Updated

Afghanistan

Sunday's bombing in the Pech Valley of Kunar province was the deadliest against U.S. forces in Afghanistan in a month. It came on the same day that two homicide attackers in Kabul narrowly missed the chief of Afghanistan's upper house of parliament but killed themselves and two bystanders.

Militant attacks appear to be gathering intensity in Afghanistan, four years after the ouster of the hard-line Taliban regime by U.S.-led forces.

The U.S. military said in a statement that Marines and soldiers backed by artillery, attack helicopters and AC-130 gunship planes swept the Pech valley after encountering small-arms fire and rocket-propelled grenades.

Abdul Ghaffar Khan, chief of police in Kunar province, said Afghan police and American troops had searched mountains near Sunday's attack in which a homemade explosive hit a U.S. armored vehicle driving in a convoy. That road remained blocked to normal traffic, he said.

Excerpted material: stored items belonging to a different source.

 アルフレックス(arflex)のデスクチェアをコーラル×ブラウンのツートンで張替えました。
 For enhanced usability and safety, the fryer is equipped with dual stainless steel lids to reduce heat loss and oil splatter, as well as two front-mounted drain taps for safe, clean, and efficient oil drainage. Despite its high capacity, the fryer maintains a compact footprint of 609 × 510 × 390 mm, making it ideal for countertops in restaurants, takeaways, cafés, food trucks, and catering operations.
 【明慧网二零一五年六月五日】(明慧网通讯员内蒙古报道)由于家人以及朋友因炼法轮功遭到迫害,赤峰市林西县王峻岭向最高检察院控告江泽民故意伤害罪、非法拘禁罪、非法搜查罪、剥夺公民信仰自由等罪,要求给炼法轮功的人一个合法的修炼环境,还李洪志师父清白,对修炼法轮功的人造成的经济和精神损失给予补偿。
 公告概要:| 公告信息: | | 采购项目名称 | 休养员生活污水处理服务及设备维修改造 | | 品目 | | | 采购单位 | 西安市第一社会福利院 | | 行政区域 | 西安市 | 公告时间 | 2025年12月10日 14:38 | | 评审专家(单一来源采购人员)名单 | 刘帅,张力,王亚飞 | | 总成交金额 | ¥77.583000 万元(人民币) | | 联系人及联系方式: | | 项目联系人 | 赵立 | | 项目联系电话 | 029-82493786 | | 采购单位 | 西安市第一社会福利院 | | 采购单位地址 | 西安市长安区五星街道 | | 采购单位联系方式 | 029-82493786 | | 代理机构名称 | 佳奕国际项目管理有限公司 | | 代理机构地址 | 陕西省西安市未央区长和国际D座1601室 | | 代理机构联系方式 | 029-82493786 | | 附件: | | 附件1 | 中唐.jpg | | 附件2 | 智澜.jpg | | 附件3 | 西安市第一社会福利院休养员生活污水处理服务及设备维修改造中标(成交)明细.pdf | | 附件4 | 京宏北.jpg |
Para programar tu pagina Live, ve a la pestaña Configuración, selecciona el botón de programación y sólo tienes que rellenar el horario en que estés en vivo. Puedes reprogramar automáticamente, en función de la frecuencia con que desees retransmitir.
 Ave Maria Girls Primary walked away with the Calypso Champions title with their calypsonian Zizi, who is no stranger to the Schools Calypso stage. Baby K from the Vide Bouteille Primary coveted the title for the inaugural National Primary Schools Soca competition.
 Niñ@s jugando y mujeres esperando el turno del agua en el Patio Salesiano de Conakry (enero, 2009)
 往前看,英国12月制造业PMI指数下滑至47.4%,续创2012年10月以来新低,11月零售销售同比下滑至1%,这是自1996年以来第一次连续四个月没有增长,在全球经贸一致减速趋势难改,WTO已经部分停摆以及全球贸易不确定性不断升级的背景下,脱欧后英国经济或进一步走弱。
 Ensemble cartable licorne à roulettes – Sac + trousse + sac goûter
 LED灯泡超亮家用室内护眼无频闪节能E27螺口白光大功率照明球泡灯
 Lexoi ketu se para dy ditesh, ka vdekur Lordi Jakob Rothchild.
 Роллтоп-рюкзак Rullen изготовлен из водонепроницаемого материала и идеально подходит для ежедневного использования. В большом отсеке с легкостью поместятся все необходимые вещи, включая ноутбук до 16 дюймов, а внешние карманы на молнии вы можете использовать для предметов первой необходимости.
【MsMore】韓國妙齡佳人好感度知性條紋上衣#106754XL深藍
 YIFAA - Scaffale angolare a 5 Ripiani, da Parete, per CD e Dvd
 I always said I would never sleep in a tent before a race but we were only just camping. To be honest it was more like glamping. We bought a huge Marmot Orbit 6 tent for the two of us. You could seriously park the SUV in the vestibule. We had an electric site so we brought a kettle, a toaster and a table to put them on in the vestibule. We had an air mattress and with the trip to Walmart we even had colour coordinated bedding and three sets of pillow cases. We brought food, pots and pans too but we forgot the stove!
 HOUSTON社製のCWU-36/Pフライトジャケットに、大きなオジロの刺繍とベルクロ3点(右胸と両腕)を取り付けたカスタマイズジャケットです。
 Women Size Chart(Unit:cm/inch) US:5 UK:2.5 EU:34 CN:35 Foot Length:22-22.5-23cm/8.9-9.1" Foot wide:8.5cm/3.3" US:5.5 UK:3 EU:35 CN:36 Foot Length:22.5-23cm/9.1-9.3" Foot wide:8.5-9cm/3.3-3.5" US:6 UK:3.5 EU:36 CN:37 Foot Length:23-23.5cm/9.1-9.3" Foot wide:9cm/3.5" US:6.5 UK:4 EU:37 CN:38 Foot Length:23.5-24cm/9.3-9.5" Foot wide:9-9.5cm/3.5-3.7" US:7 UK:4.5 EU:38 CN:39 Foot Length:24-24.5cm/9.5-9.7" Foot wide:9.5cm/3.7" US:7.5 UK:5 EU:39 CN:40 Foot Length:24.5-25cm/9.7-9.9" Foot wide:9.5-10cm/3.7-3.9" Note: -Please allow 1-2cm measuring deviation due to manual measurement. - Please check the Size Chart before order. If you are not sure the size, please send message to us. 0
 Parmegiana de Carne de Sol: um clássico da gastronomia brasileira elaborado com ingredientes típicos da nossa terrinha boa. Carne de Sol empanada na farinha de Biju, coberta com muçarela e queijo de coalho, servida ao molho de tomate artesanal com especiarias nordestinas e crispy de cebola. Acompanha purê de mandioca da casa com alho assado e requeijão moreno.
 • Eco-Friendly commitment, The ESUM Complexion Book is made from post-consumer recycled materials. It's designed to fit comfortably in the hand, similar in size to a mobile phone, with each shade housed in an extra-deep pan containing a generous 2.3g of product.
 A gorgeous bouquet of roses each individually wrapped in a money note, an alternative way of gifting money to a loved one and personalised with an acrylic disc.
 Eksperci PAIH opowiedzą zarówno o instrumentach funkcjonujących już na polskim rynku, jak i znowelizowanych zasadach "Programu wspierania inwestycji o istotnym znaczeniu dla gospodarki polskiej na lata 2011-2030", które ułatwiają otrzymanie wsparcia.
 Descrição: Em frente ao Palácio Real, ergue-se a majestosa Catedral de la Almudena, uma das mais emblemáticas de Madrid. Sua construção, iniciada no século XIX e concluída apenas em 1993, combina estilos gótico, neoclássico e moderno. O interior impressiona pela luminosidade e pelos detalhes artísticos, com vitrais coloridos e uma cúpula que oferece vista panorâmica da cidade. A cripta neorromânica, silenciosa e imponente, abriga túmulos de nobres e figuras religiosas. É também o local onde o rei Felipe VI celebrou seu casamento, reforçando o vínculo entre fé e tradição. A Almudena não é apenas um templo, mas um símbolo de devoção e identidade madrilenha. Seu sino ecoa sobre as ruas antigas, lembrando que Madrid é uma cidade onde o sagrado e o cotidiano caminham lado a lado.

"The coalition's response has resulted in the detention of 11 insurgents believed responsible" for Sunday's attack, the U.S. statement said, without identifying the detainees.

Sunday's bombing raised to 220 the death toll of U.S. personnel in and around Afghanistan since late 2001 when U.S.-led forces ousted the hardline Taliban regime for hosting Al Qaeda leader Usama bin Laden.